# ECB Data Academy - Evolve Programme
[Krisolis](http://www.krisolis.ie)

## Accessing Datasets with pandas

### Pandas DataFrame Data Structure

*Comma Separated Value* (**CSV**) files are one of the most common ways to exchange data. The **pandas** package in Python makes it easy to load data from a CSV file and analyse it. In this notebook we will demonstrate how this is done. 

### Import pandas

First import the pandas package. The **as pd** statement simply adds an *alias* so we can use the name **pd** instead of **pandas**. This is just so that we can be lazy and type *pd* intead of *pandas*.

In [None]:
import pandas as pd

### Load the File

We can load a CSV file file using the **read_csv** function from pandas. the data from the CSV file is loaded into a special pandas data strcuture known as a **DataFrame**. This is essentially a data table like you might use in Excel. 

In [None]:
country_data = pd.read_csv('..//Data//country_data.csv')

### Examining the Data

The **head** and **tail** methods are used to show the first or last few lines of a DataFrame.

In [None]:
display(country_data.head())

In [None]:
display(country_data.tail())

Or we can just see the full dataset using **display**.

In [None]:
display(country_data)

Note that we use **display** instad of **print** here just because it gives us printouts that look much nicer!

### Accessing Columns

Accessing *columns* in a DataFrame is simply a matter of using the name of the column (similar to dictionary selection) in double square brackets, [[ ]]

In [None]:
populations = country_data["Population"]
print(populations)

In [None]:
continents = country_data["Continent"]
print(continents)

### Generating Summary Statistics

Pandas provides a range of functionality to calculate summary statistics - e.g. **sum**, **mean**, **min**, **max**, ... - from the data in a DataFrame. 

In [None]:
pop_sum = country_data["Population"].sum()
print(pop_sum)

In [None]:
pop_mean = country_data["Population"].mean()
print(pop_mean)

In [None]:
pop_min = country_data["Population"].min()
print(pop_min)

In [None]:
pop_max = country_data["Population"].max()
print(pop_max)

Frequency tables are also a really useful analysis tool that are easily genratated using the **value_counts** method.

In [None]:
continent_counts = country_data["Continent"].value_counts()
print(continent_counts)

### Accessing Rows from a DataFrame

One very useful way to slice a DataFrame is using a condition.
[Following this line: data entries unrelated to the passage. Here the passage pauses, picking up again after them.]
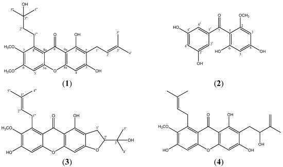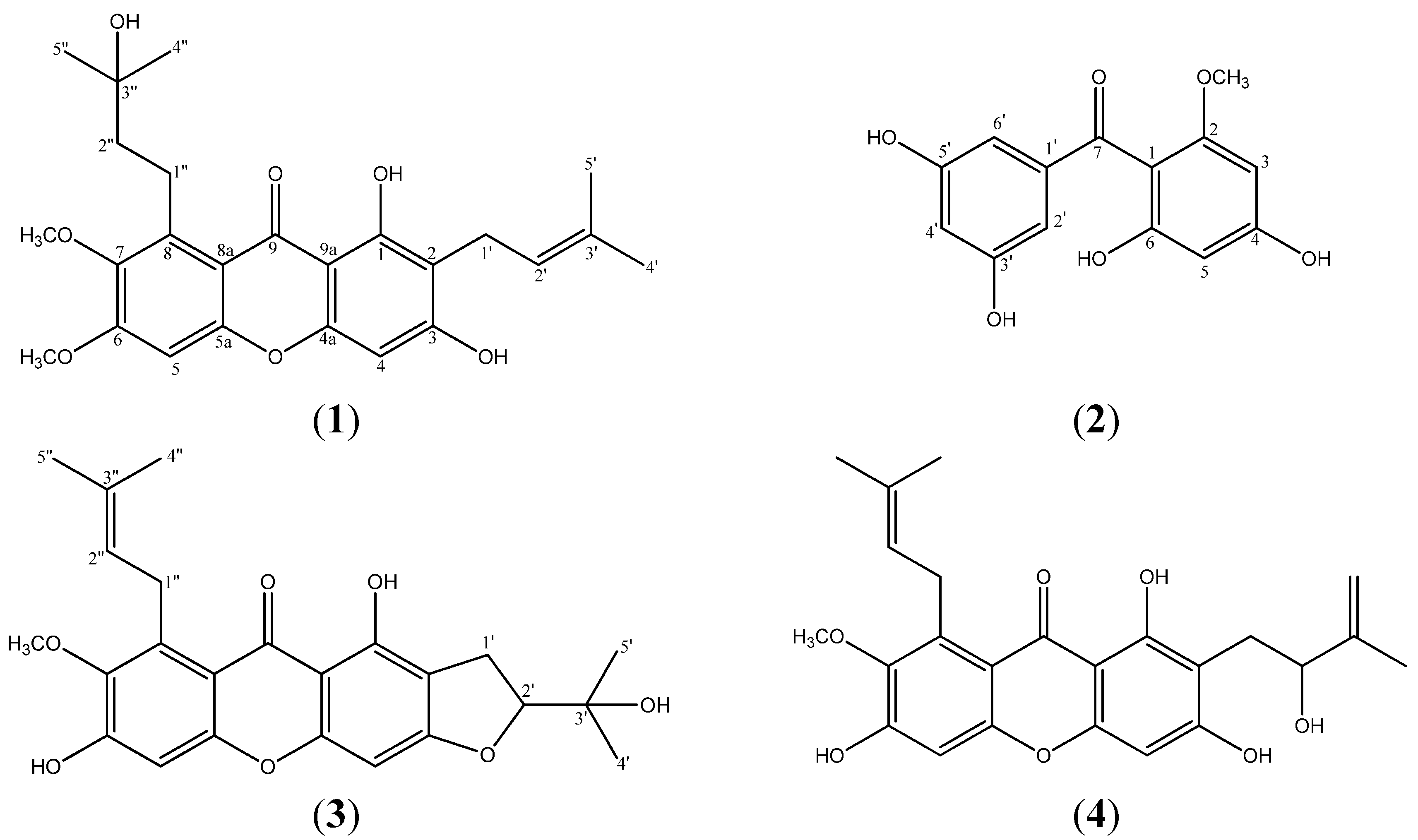 The Clusiaceae family consists of approximately 40 genera [1], including Garcinia, Mesua and Cratoxylum [2]. Some Clusiaceae plants are used in traditional medicine to treat various illnesses. For example, Garcinia schomburgkianaPierre is used to treat coughs and menstrual problems [3] while Mesua ferrea is used in the treatment for dyspepsis and renal disease [4]. Clusiaceae plants contain numerous biologically active secondary metabolites, such as benzophenones, xanthones, coumarins and flavonoids. The pharmacological properties of these secondary metabolites include antifungal activity in Calophyllum thwaitesii [5], antioxidant activity in Cratoxylum cochinchinense [6], antimicrobial and antibacterial activities in Garcinia cowa [7] and anticancer activity in Garcinia paucinervis [8]. Garcinia plants are mainly found in tropical countries such as Malaysia, Thailand and Brazil [1]. Garcinia plants are currently being more avidly studied due to their abilities to treat dysentery, pain, tapeworm infestations and many more ailments [9]. Being a member of the Garcinia genus, the mangosteen is also well known to be a rich source of xanthones and benzophenones, especially polyprenylated xanthones and oxygenated xanthones [10]. These secondary metabolites have been reported to possess biological properties against fungi [11], bacteria [12,13] and also cancer [14,15]. Ryu and co-workers also reported that some oxygenated xanthones from the seedcases of this plant possess neuraminidase inhibitory activity [16]. The discoveries of these beneficial secondary metabolites have revitalized our interest to investigate more extensively on the stem bark of Garcinia mangostana. Herein, we describe the isolation as well as the characterization of a new prenylated xanthone, mangaxanthone B (1) and a new benzophenone, mangaphenone (2), along with two other known xanthones mangostanin (3) and mangostenol (4).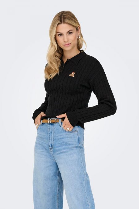 Jersey cuello de polo con osito bordado Only Katia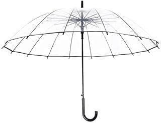 長傘 透明傘 16本骨 耐風グラスファイバー骨 ビニール傘 透明の傘 大きい長傘 レディース 軽量 撥水 丈夫 (F,透明)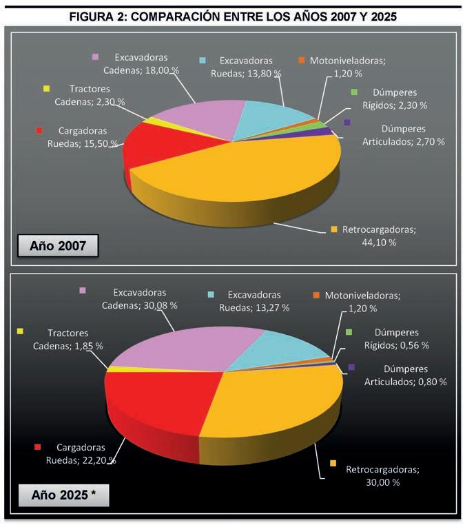 En lo que se refiere al peso relativo de las excavadoras de cadenas con respecto a las ocho líneas, se tiene que en 1992 era del 12,7%, un 22,86% en 2020, un 24,96% en 2021, un 24,49% en 2022, un 23,69% en 2023, un 25,95% en 2024 y un estimado del 30,08% en 2025. Es significativo que en 1977 el peso relativo era del 10% y en 1990 del 12,6%, periodo en el que se fue consumando la sustitución del binomio cargadora/dúmper por excavadora de cadenas/dúmper.

We can pass a list of Boolean values to a DataFrame indicating which rows should be retained (True) and which should be filtered (False). A suitable list is easily generated using a simple Boolean expression on a column from the DataFrame.

In [None]:
country_data["Life Exp."] > 60

This list can be passed directly to the DataFrame to perform a filtering:

In [None]:
healthy_countries = country_data[country_data["Life Exp."] > 70]
display(healthy_countries)

So, for example we could extrac the mean life expectancy for countries in our list that are from Europe.

In [None]:
european_countries = country_data[country_data["Continent"] == "Europe"]
euro_life_exp_mean = european_countries['Life Exp.'].mean()
print("The average life expectancy in Europe is: ", euro_life_exp_mean)